One day when Mumma Vee went to get Nikhil from school he looked sad and upset. On their way home, he asked, "Mumma, why do I have a different name? My friends call me Nik-kha-il! I wish my name was Tom, Nick or Harry, or something easy, he sobbed.
Later, a school teacher asked: "Hello Nick! Welcome to our school. Can we call you Nick?"
Nikhil looked up at her and politely said, "I'm not Nick. I'm Nikhil"
Finally Nikhil prays before sleep…"And please keep Daddy well and Mumma well and our family in India well…and thank you for the Ninja Turtle lunch box and thank you. I am so proud of my own special name Nikhil."
Sidebar: Tamil tomes for tots?
By Anandhi, Madras,
Do good children's books exist in the Tamil language? Very few. The first reason is that TV and movies are stealing children's prime time. "No demand, no supply" is the superficial excuse. Other reasons are less obvious. For instance, writing for children in Tamil is more difficult than in English. Spoken Tamil is different from written Tamil. If a story is written as we speak, grammatically it isn't correct. So the style of writing for children becomes artificial. The charm of narrating a story is lost.

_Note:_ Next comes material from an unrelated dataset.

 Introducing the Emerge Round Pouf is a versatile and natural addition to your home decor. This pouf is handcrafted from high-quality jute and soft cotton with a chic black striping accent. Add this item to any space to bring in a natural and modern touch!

Another important reason is that parents don't encourage their offspring to buy Tamil books. Managing director of Saiva Siddhantha Publishing Society (which also publishes children's books) Muthukumaraswamy says, "Even when children want to buy a Tamil book, parents dissuade them. They tell their child to choose an English title." Urban children of Tamil Nadu do not start learning their mother tongue first. The nursery schools in Madras and all the big towns begin teaching in English and parents send their children to English medium schools. The reason? English is a world language. Also, young parents today like the Western pseudoculture seen on cable TV. It is smart and fashionable to talk in English and dress in Western style. A teenager wearing the traditional dhoti in school or college would be ostracized. If he wore a rudraksha bead pendant, he would be considered queer in the head.

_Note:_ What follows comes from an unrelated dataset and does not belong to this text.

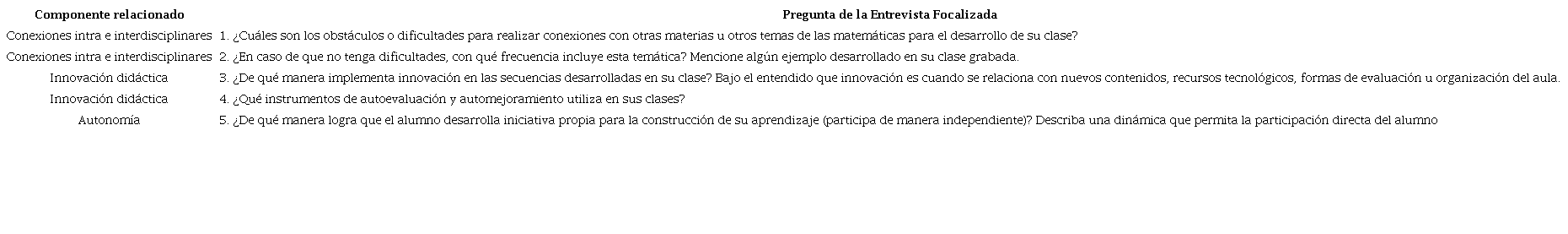 La Tabla 3 muestra algunas de las preguntas a las entrevistas realizadas a los maestros en forma individual. Se trata de una entrevista semiestructurada, de manera que las preguntas se ajustaron según la disposición de las personas entrevistadas a responder cada una de ellas, para respetar su discurso natural.

In another two decades the learned people of Tamil Nadu will not be able to appreciate Kamban, the great poet who wrote the Ramayana in Tamil, or Valluvar who wrote the Tirukural or all the Saivite and Vaishnavite literature that abounds in Tamil. Only ten percent of the Tamil-speaking upper and lower middle class people buy children's books in Tamil.

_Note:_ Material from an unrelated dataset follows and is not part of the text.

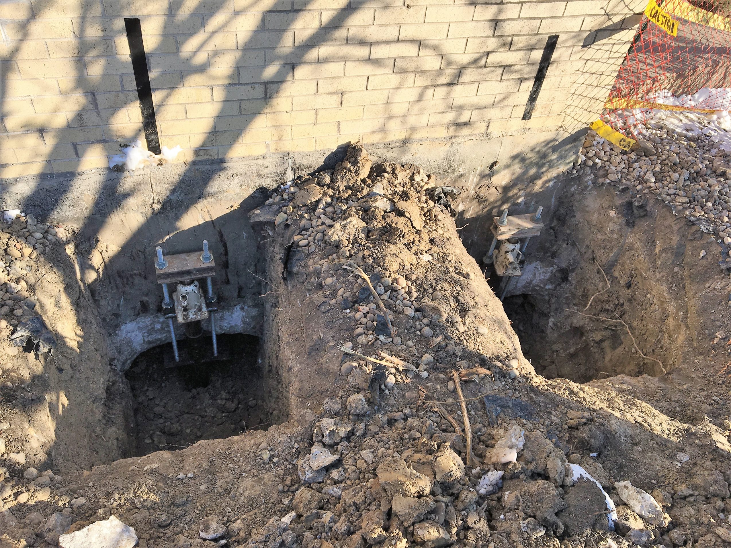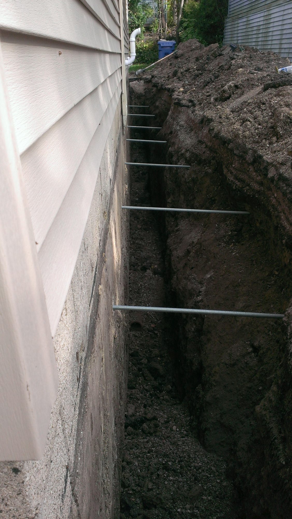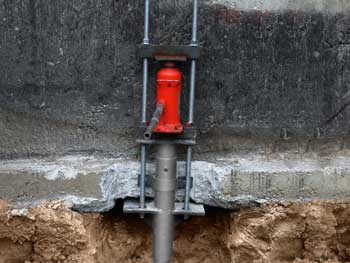 We have two ways to repair foundations: 1. Helical piers with brackets will lift a foundation that is sinking and stop vertical movement; 2. Wall Tie-Backs will straighten bowed-in basement walls and stop further horizontal movement.

Children's book publishers rarely print more than 1,200 copies of a new title. Of that, the Directorate of Public Libraries of Tamil Nadu buys 500 copies. In fact, it is because of this single library sale that children's books are published at all! The remaining books have to be stored for about six years while slowly sold. When ten volumes of Ancient Tales of South India were published for children, it took seven years to sell them. The Tamizh Valarchi Kazhagam published a children's encyclopedia in Tamil in color with grants from the state government and UNESCO. The ten volumes, priced at just Rs10 each, could not be sold. In ten years only 3,000 sets were sold.
My solution to this problem is that retired people buy a minimum of 200 books and open home libraries for the children of their area.